An active issue in the RDF 1.2 Working Group is whether to mandate the syntactic form of language tags.

Currently, in RDF, it says that language tags are compared case insensitively and also that "Lexical representations of language tags MAY be converted to lower case." Its actually in RDF semantics as D-entailment.

The issue has come to prominence because of work on RDF canonicalization and hashing (RCH) which works on the syntax of graphs. Signing and Verifiable Credentials than rely on RCH. So syntax matters, not the value.

The language tags RFC 5646 (AKA BCP-47 which is a soft link to the current latest RFC on the subject) says that
"case distinctions do not carry meaning in language tags"

Canonicalization of Language Tags [2] is different and out of scope - it means use the preferred names, for example, for countries. That requires access to the global registry.
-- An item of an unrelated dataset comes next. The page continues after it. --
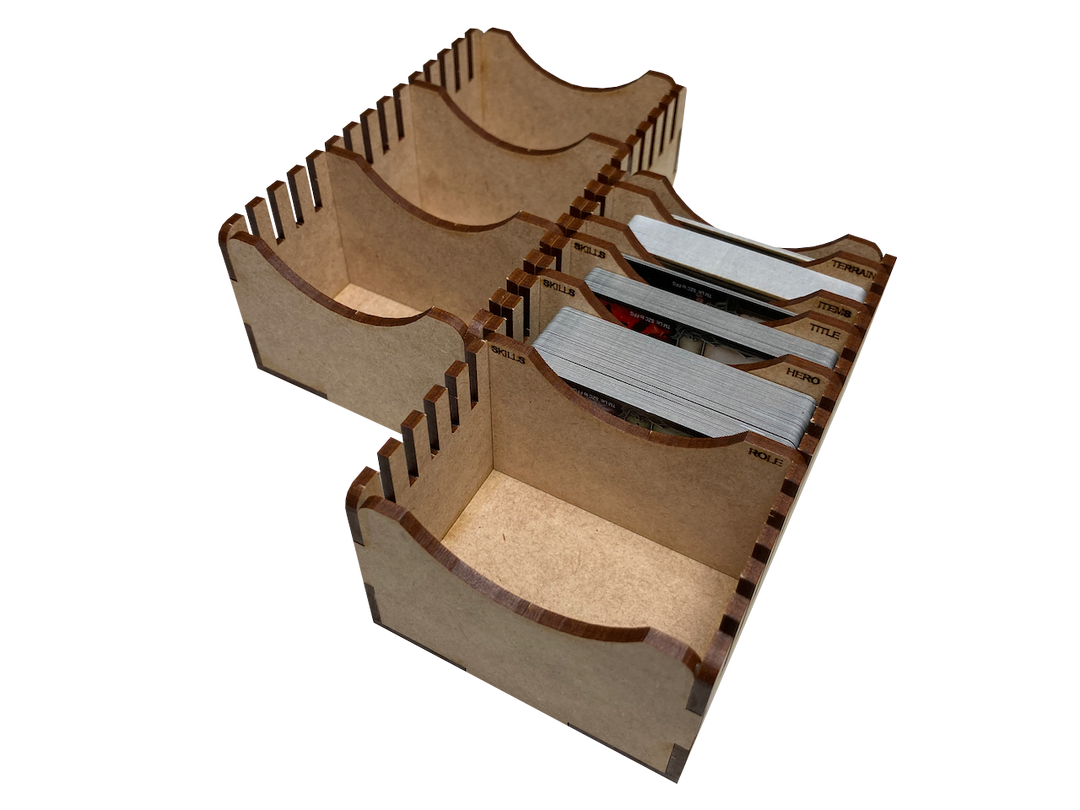This kit provides five (5) etched dividers for card types: item, terrain, hero skills, role skills, and title skills. Â There are also two (2) blank dividers provided.

It is not being considered by RDF 1.,2 WG.

A complication is that the RDF-defined preferred presentation of language tags is not the same as the RFC. RDF says "lower case".

In the RFC, each subtag has a preferred form. It's "en-US" ,"en-Latn-US" ... The preferred form normalization rules only need the language tag string. Different subtags are identified by length, or for the country part - by being first.

Jena defaults to treating language tags as given.
"abc"@fr and "abc"@FR are different RDF terms.

The Jena parsers have options to choose what to do.

  RDFParserBuilder.langTagLowerCase()
  RDFParserBuilder.langTagCanonical()


For Jena5:

1/ Do you think Jena should switch to one form?
   2a/ Should that be in parsers, setting default to a one form output?
   2b/ Or should all langtags get normalized as the node is created?

2/ Which is your preferred form for RDF 1.2?
   2a/ Lower case
   2b/ RFC-preferred form
   2c/ No change


If Jena changes to have a common format of language tags, persistent data that has language tags in it will have to be reloaded.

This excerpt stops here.